I took these of Gracie tonight...she is in need of a bath big time...she hasn't had a face wash in several days...but I thought you all needed to see a little Gracie since it has been a while...I also took one of her best friend Moshe.


----------



## BeverlyA (Oct 29, 2006)

Awwwwwww. she's just precious!

They both are!


----------



## karlabythec (Nov 9, 2008)

Thanks, and as you can see, she still likes to lay in the cat tree! ROFL...she has claimed the bottom half.


----------



## mintchip (Apr 19, 2007)

Love the "little smile" in the first photo


----------



## Leslie (Feb 28, 2007)

Karla~ That's gotta be one of the cutest dirty faces I've ever seen!


----------



## Havtahava (Aug 20, 2006)

karlabythec said:


> Thanks, and as you can see, she still likes to lay in the cat tree! ROFL...she has claimed the bottom half.
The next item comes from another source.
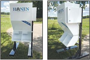 Solar-Powered Automatic Cattle Feeder LIVESTOCK Feeding Equipment A new cattle feeder tells cattle when to eat by emitting an audio signal doing so multiple times throughout the day Dave Barney president of Service Line was looking for a better way to feed his own cattle and the Automatic Solar-Powered Cattle Feeder was the result “We built the first unit to handle smaller herds of up to 10 full-size animals ” says Steve Meyer of Service Line “The demand was there so we added a larger unit for herds of up to 20 head The feeder can handle greater numbers if feeding calves or smaller size animals ” The smaller feeder is 6 ft wide 9 ft long and 8 ft tall The larger one is circular in design with an 8-ft diameter and an 8-ft height Both feeders have hopper capacities of 3 000 lbs Ask for Barney to discuss price The Hanen feeders are fabricated from heavy-duty steel and are 100 percent powder-coated for durability Individual calf guards can be installed Optional vision blockers are also available ensuring separate feeding stations for each animal An attached battery is recharged by a solar panel making the programmable feeder fully portable It’s designed to be picked up and moved by a tractor with forks Once in place it can be programmed to deliver desired amounts of feed up to 6 times per day “I’m dedicated to providing controlled nutrition that results in high-quality animals ” says Barney The company points to studies that show a balanced diet evenly distributed throughout the day creates a calmer animal on less feed without sacrificing growth Contact: FARM SHOW Followup Service Line Inc 2320 Zinga Dr Reedsburg Wis 53959 ph 608 524-0204 or 800 774-7900; www automaticcattlefeeder com

I'm glad you posted that specifically, because I didn't realize she was in the cat tree in those photos. That is hilarious!!


----------



## sweetlotus (Nov 26, 2008)

Awww your little girl is adorable!


----------



## mellowbo (Aug 12, 2007)

Aww Karla, she sure is growing up to be a very pretty little neezer!! Her buddy is precious too.
Carole


----------



## marb42 (Oct 19, 2008)

Karla, she has such a sweet smile!!!!! How cute that she and Moshe are best friends!
Gina


----------



## Jérôme (Dec 5, 2008)

Very beautiful pictures


----------



## ama0722 (Nov 28, 2006)

I think the kitty is playing in the Neezer tree!


----------



## Salsa's Mom (Mar 18, 2008)

Gracie has the cutest little messy face! What a contrast with Moshe's perfectly clean face!!
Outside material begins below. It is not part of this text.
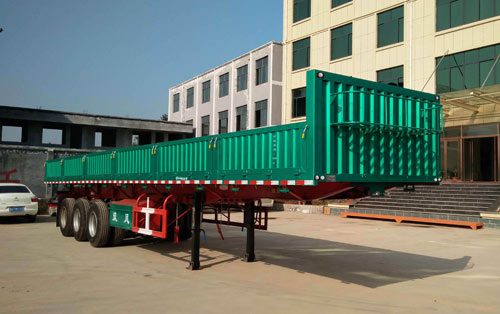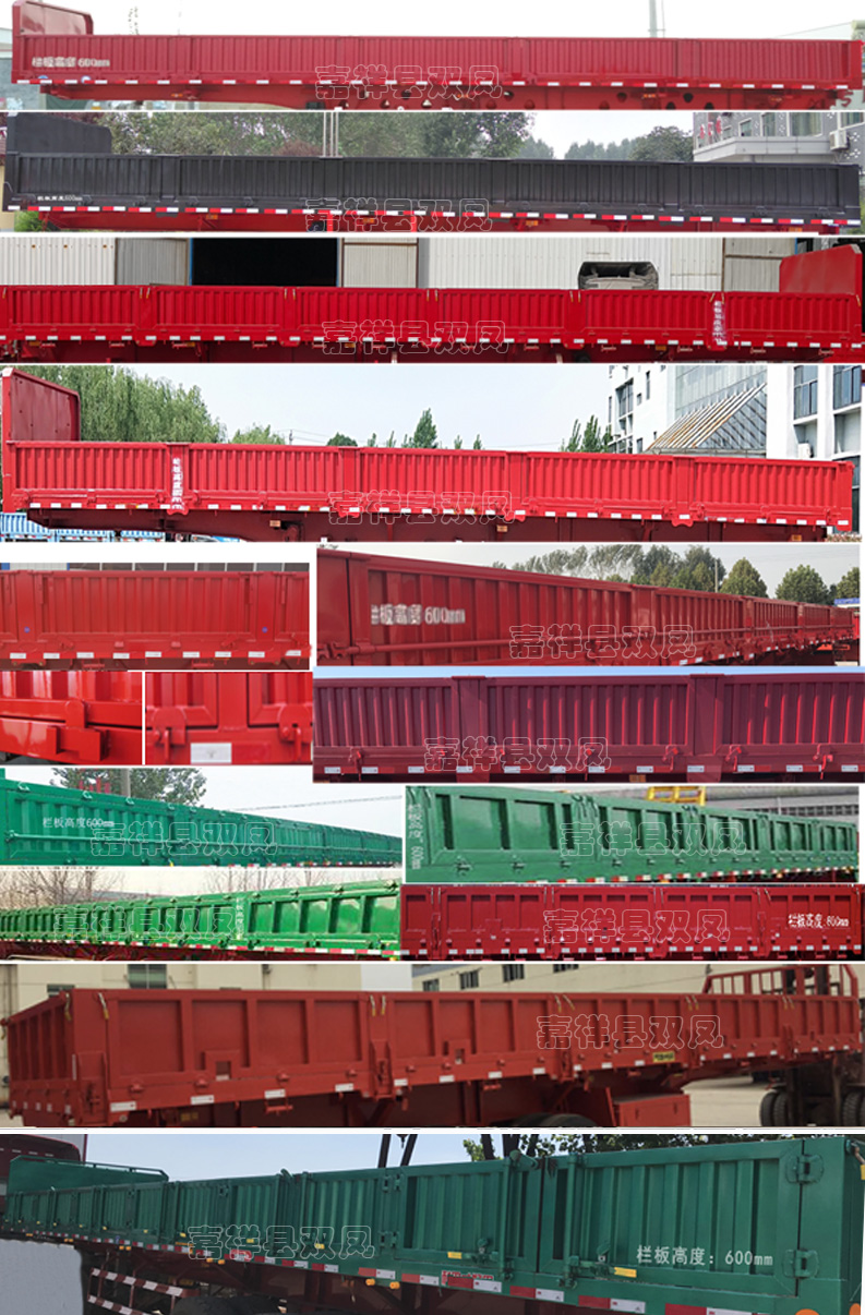 | 备注 | 卸货方式为:侧卸,该车货箱可选装侧面样式,每边开扇数可选5开扇,6开扇,3对开扇,立柱可选内插和外插及隐形锁杆样式,整车栏板可选装竖瓦楞(瓦楞数不限制),横瓦楞(瓦楞数不限制),方管平板,镀锌板,铝合金板,方管十字花样式,侧,前,后部样式可任意组合,选装空气悬挂;选装尾部标志板安装位置(后货厢栏板上或后防护立柱上),选装两联尾灯或三联尾灯;灯具可选装圆形和矩形;选装铁工具箱及铝合金工具箱,选装工具箱样式,选装单侧装工具箱、两侧装工具箱和不装工具箱。各种选装可任意组合。当车长是13000mm,轴距为(mm)6880+1310+1310,6780+1310+1310,6680+1310+1310,6580+1310+1310后悬为2300mm,当车长是12500mm,轴距为(mm)6380+1310+1310后悬为2100mm当车长是12000mm,轴距为(mm)6280+1310+1310后悬为1900mm由于牵引车高度不同,而使半挂车总高度不同。一,ABS:型号:CM2XL-4S/2K(4S/2M);生产厂家:广州市科密汽车制动技术开发有限公司。二,防护:防护材料均采用Q235B,与车辆连接方式为焊接。 后防:离地高度为490mm,断面为160mmX50mm。 | ||

I'll bet they are the best of friends and provide you with endless entertainment. I love it when dogs and cats are friends.


----------



## marjrc (Jan 13, 2007)

Awwwww, that is so sweet! What a face Gracie has. She's beautiful, dirty or not. I love that she plays with kitty and uses the cat tree too. Fun!


----------



## kelrobin (Jan 21, 2008)

What a cute scruffy face! If that's a "dirty" face, can't wait to see the clean one! Your cat is beautiful, too.


----------



## Lina (Apr 26, 2007)

She's so cute! That first pic is adorable.


----------



## Paradise Havs (Sep 25, 2008)

She is so cute!! Her little smile makes her look a little "tipsy"! LOL


----------



## maryam187 (Jul 18, 2007)

Aww, look at her big smile on the first pic, she's so sweet.


----------



## juliav (Nov 21, 2006)

She is just adorable and it appears that she loves the cat tree.


----------



## trueblue (Jan 22, 2008)

Cute pics! I want to see some more of Gracie and Moshe playing together...


----------



## Kathie (Jul 31, 2008)

She looks adorable! How old is she now?


----------



## karlabythec (Nov 9, 2008)

ama0722 said:


> I think the kitty is playing in the Neezer tree!


Hahahahaha...Gracie says you are right!


----------



## karlabythec (Nov 9, 2008)

Kathie said:


> She looks adorable! How old is she now?


Thanks...she is 7 1/2 months old.


----------